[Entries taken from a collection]
════════

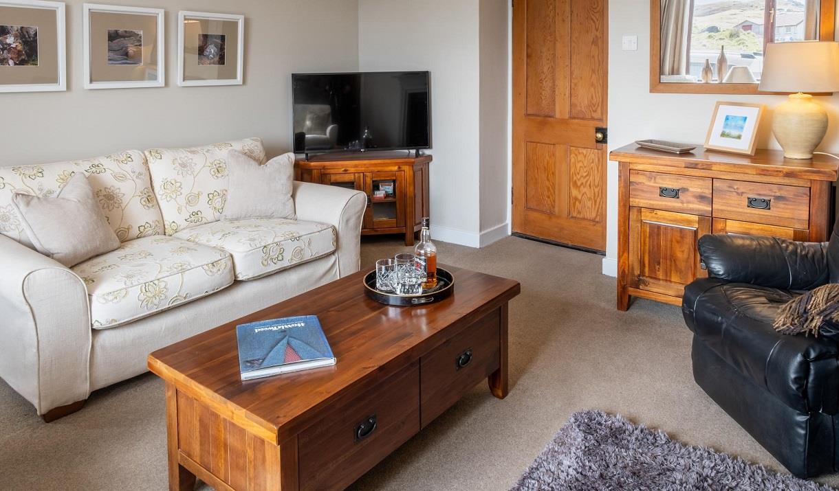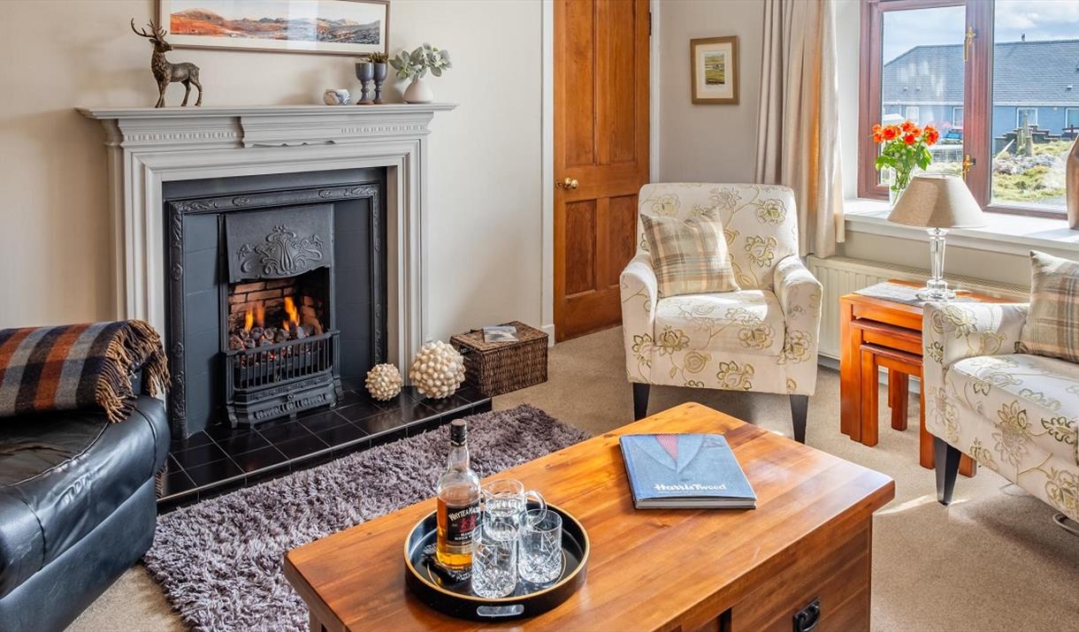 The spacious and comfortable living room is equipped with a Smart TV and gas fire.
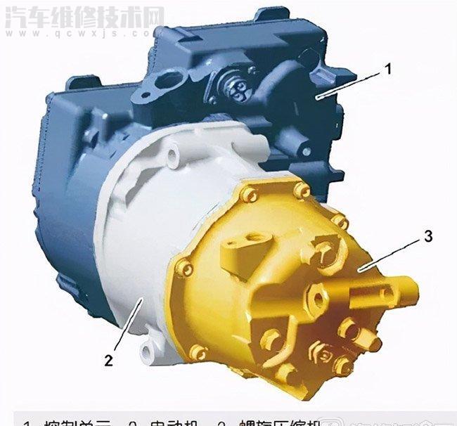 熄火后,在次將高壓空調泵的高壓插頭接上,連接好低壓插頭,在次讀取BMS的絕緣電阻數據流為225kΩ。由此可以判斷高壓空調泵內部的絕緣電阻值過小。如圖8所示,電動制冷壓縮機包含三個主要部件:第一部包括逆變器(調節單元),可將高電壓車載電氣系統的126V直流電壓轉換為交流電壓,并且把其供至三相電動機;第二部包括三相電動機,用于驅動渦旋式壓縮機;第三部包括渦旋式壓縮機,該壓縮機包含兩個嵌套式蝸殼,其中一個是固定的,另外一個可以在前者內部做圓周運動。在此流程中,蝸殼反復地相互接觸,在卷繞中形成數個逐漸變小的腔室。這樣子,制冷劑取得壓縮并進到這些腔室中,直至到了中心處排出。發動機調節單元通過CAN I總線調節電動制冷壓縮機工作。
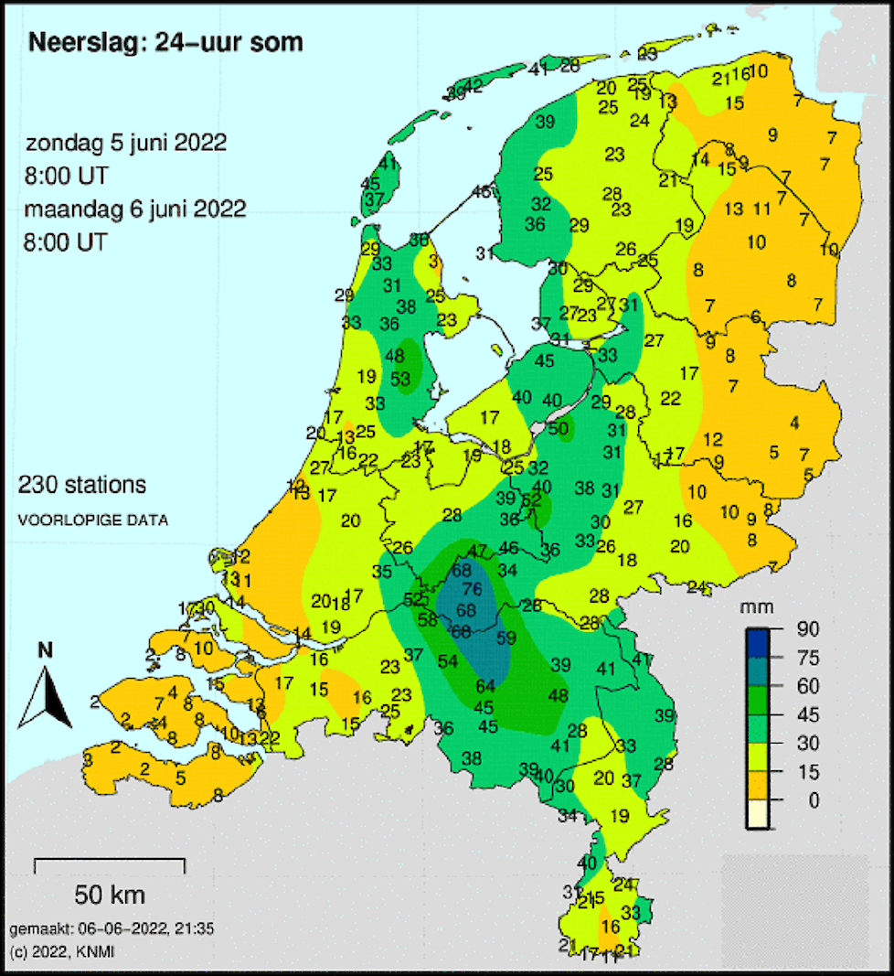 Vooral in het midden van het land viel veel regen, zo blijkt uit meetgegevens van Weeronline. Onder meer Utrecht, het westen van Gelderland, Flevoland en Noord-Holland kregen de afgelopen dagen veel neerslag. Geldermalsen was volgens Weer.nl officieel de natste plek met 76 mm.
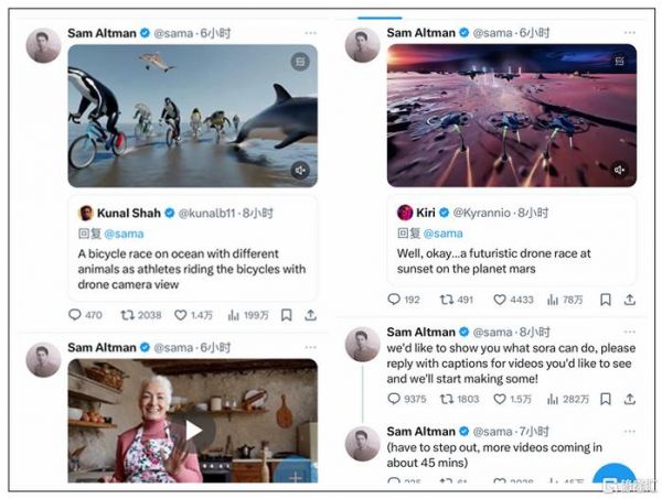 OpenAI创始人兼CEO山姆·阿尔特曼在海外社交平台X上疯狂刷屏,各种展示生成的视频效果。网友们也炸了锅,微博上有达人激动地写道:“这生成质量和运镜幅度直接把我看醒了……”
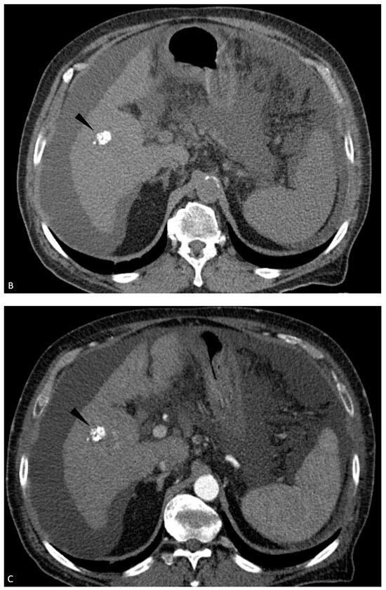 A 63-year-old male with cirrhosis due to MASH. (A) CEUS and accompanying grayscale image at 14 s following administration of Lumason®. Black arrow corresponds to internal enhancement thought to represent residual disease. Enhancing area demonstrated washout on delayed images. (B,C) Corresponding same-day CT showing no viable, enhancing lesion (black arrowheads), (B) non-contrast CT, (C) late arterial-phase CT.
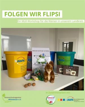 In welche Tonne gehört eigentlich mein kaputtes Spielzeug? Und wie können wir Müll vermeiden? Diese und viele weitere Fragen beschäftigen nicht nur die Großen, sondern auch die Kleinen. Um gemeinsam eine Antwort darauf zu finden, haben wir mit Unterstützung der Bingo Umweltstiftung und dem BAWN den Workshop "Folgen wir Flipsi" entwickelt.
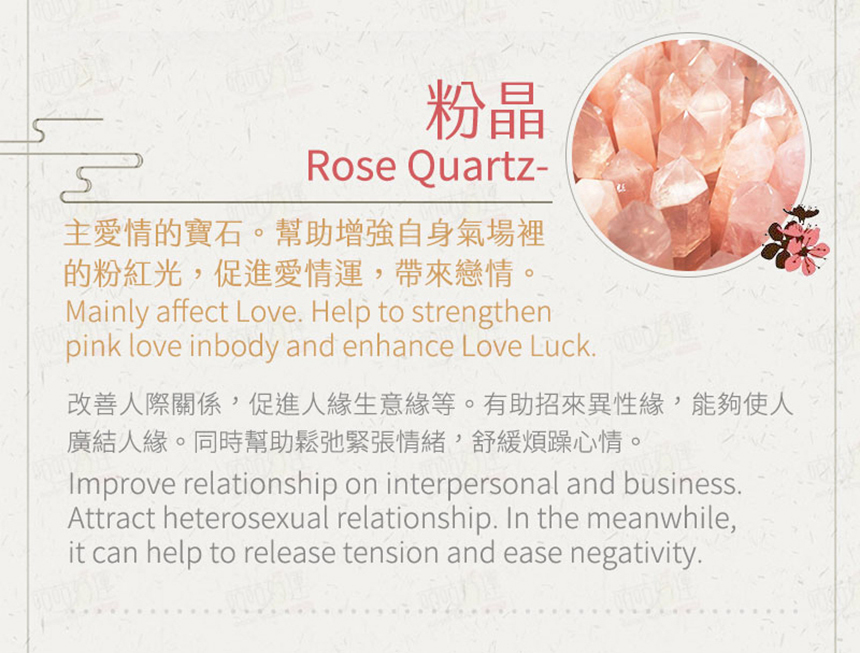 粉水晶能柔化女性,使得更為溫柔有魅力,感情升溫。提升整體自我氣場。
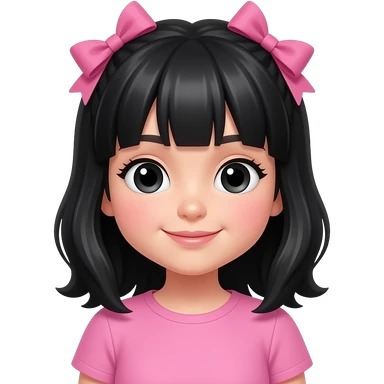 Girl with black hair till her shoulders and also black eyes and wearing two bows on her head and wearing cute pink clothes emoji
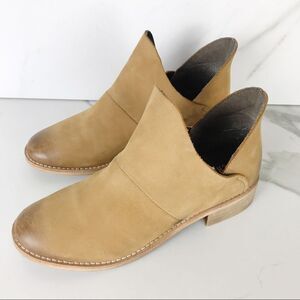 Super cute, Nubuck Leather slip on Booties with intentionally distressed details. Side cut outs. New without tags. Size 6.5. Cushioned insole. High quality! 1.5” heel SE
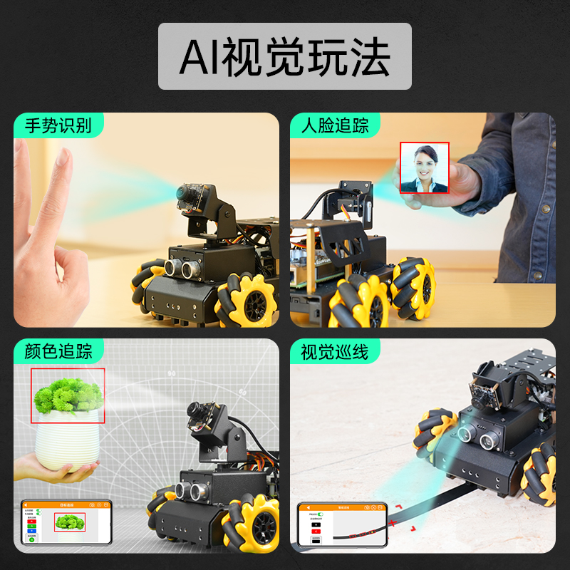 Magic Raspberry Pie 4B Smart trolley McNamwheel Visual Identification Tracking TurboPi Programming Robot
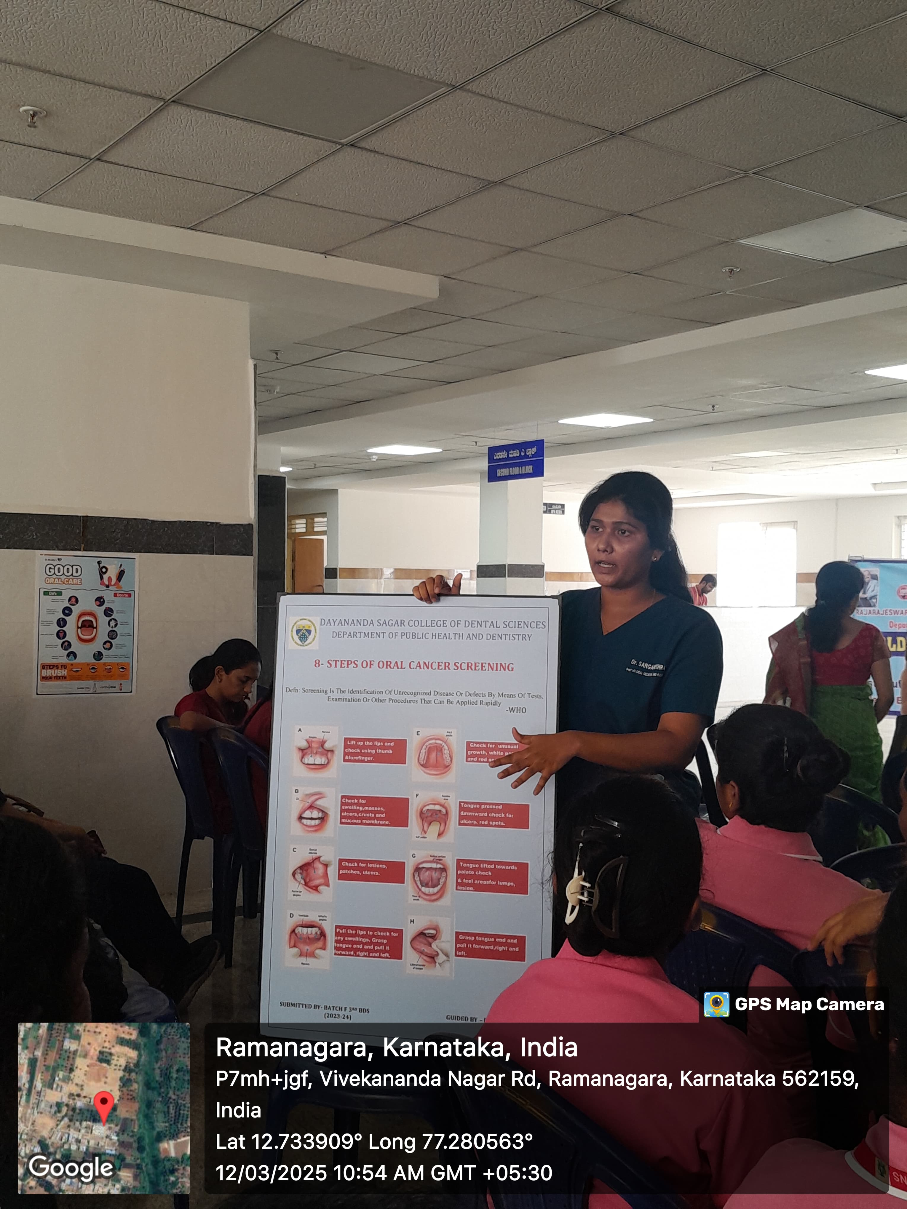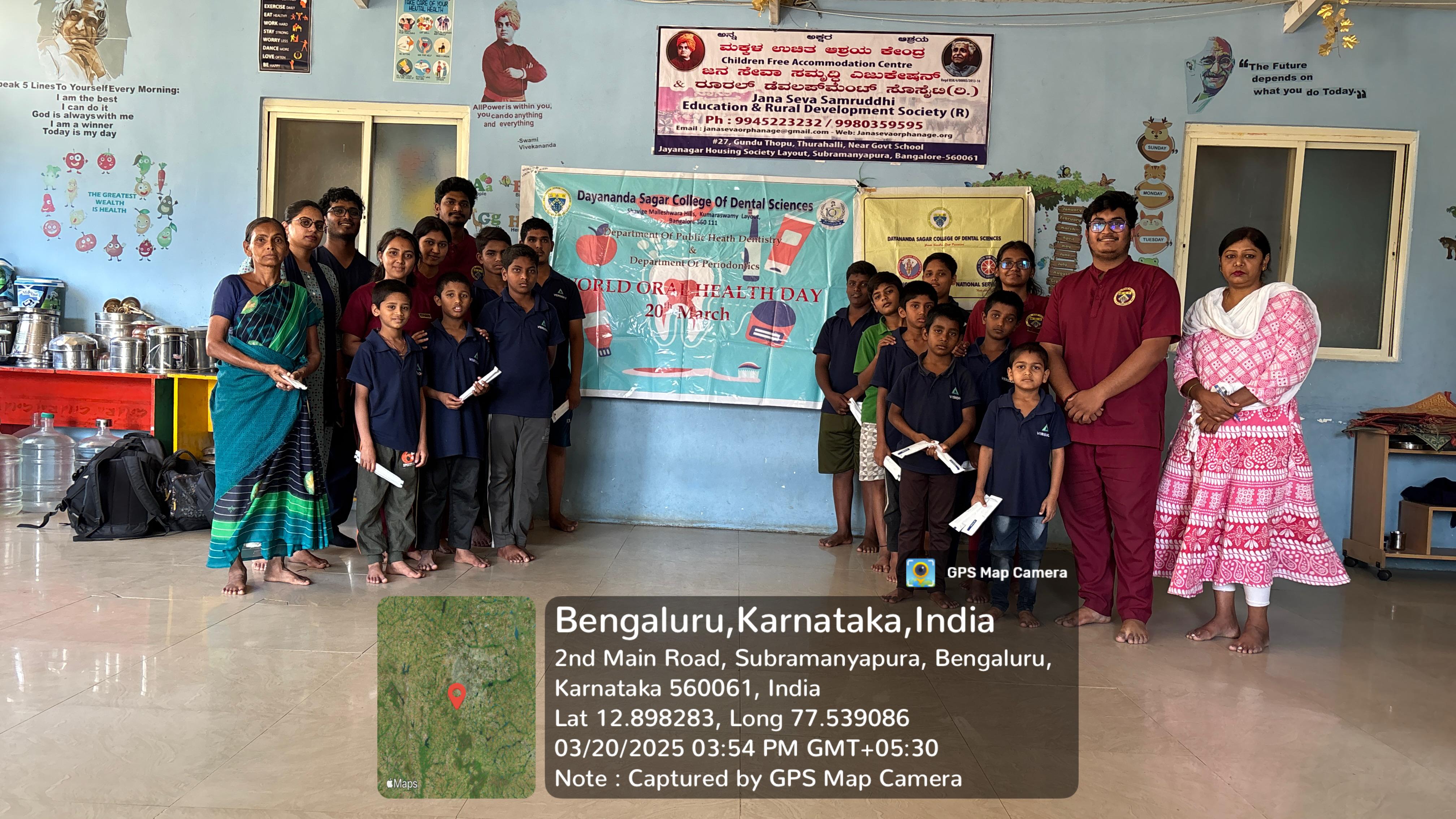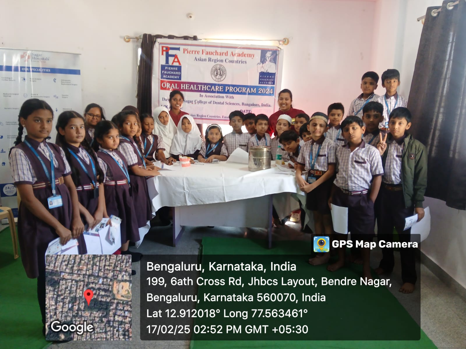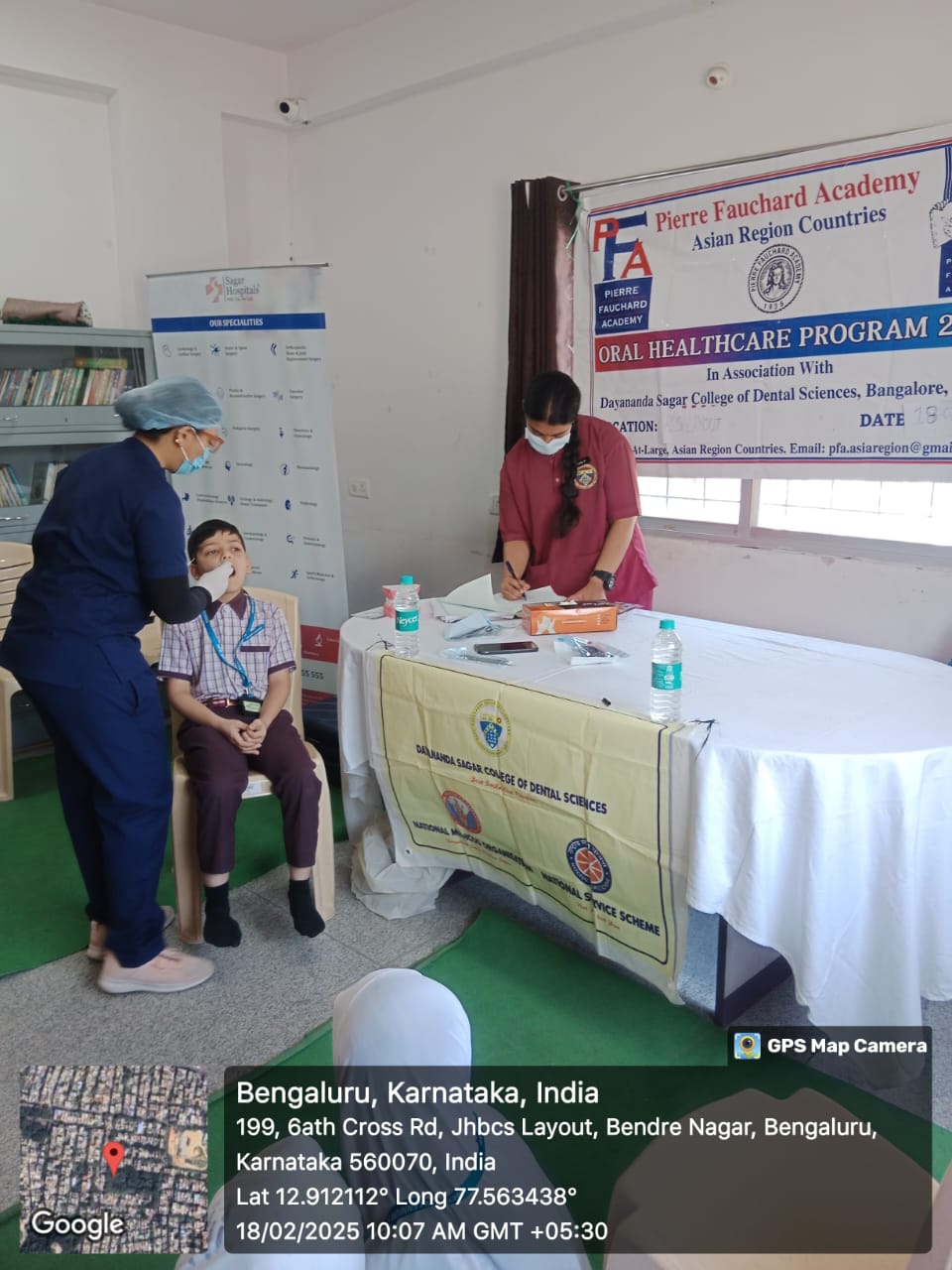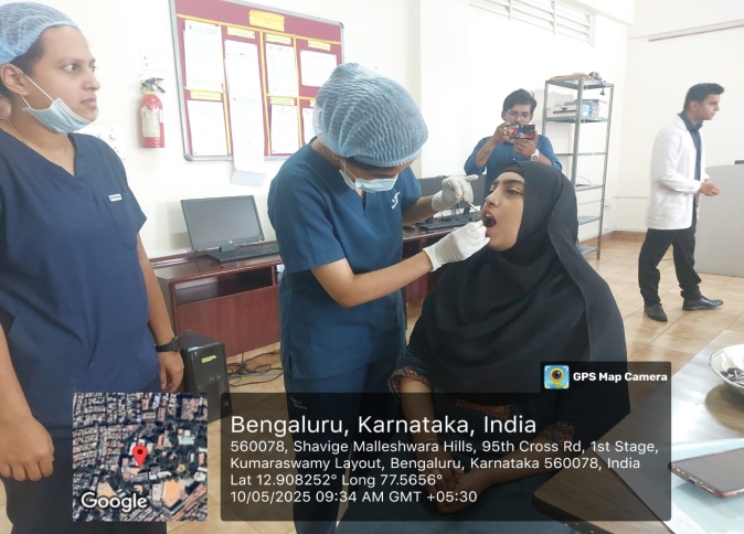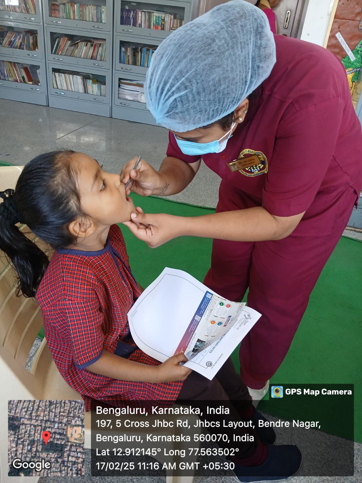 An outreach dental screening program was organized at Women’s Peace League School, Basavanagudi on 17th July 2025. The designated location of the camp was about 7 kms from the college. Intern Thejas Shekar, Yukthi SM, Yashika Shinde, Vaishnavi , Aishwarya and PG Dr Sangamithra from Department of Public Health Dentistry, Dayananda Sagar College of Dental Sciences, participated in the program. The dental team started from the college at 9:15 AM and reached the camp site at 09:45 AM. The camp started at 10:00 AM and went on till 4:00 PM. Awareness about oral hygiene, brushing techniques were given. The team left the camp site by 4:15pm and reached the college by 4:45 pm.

════════

- _What this task involves_: Transcribe the data completely. No pictures should appear in the transcription.

- _Written reply_:
 The spacious and comfortable living room is equipped with a Smart TV and gas fire.
 熄火后,在次將高壓空調泵的高壓插頭接上,連接好低壓插頭,在次讀取BMS的絕緣電阻數據流為225kΩ。由此可以判斷高壓空調泵內部的絕緣電阻值過小。如圖8所示,電動制冷壓縮機包含三個主要部件:第一部包括逆變器(調節單元),可將高電壓車載電氣系統的126V直流電壓轉換為交流電壓,并且把其供至三相電動機;第二部包括三相電動機,用于驅動渦旋式壓縮機;第三部包括渦旋式壓縮機,該壓縮機包含兩個嵌套式蝸殼,其中一個是固定的,另外一個可以在前者內部做圓周運動。在此流程中,蝸殼反復地相互接觸,在卷繞中形成數個逐漸變小的腔室。這樣子,制冷劑取得壓縮并進到這些腔室中,直至到了中心處排出。發動機調節單元通過CAN I總線調節電動制冷壓縮機工作。
 Vooral in het midden van het land viel veel regen, zo blijkt uit meetgegevens van Weeronline. Onder meer Utrecht, het westen van Gelderland, Flevoland en Noord-Holland kregen de afgelopen dagen veel neerslag. Geldermalsen was volgens Weer.nl officieel de natste plek met 76 mm.
 OpenAI创始人兼CEO山姆·阿尔特曼在海外社交平台X上疯狂刷屏,各种展示生成的视频效果。网友们也炸了锅,微博上有达人激动地写道:“这生成质量和运镜幅度直接把我看醒了……”
 A 63-year-old male with cirrhosis due to MASH. (A) CEUS and accompanying grayscale image at 14 s following administration of Lumason®. Black arrow corresponds to internal enhancement thought to represent residual disease. Enhancing area demonstrated washout on delayed images. (B,C) Corresponding same-day CT showing no viable, enhancing lesion (black arrowheads), (B) non-contrast CT, (C) late arterial-phase CT.
 In welche Tonne gehört eigentlich mein kaputtes Spielzeug? Und wie können wir Müll vermeiden? Diese und viele weitere Fragen beschäftigen nicht nur die Großen, sondern auch die Kleinen. Um gemeinsam eine Antwort darauf zu finden, haben wir mit Unterstützung der Bingo Umweltstiftung und dem BAWN den Workshop "Folgen wir Flipsi" entwickelt.
 粉水晶能柔化女性,使得更為溫柔有魅力,感情升溫。提升整體自我氣場。
 Girl with black hair till her shoulders and also black eyes and wearing two bows on her head and wearing cute pink clothes emoji
 Super cute, Nubuck Leather slip on Booties with intentionally distressed details. Side cut outs. New without tags. Size 6.5. Cushioned insole. High quality! 1.5” heel SE
 Magic Raspberry Pie 4B Smart trolley McNamwheel Visual Identification Tracking TurboPi Programming Robot
 An outreach dental screening program was organized at Women’s Peace League School, Basavanagudi on 17th July 2025. The designated location of the camp was about 7 kms from the college. Intern Thejas Shekar, Yukthi SM, Yashika Shinde, Vaishnavi , Aishwarya and PG Dr Sangamithra from Department of Public Health Dentistry, Dayananda Sagar College of Dental Sciences, participated in the program. The dental team started from the college at 9:15 AM and reached the camp site at 09:45 AM. The camp started at 10:00 AM and went on till 4:00 PM. Awareness about oral hygiene, brushing techniques were given. The team left the camp site by 4:15pm and reached the college by 4:45 pm.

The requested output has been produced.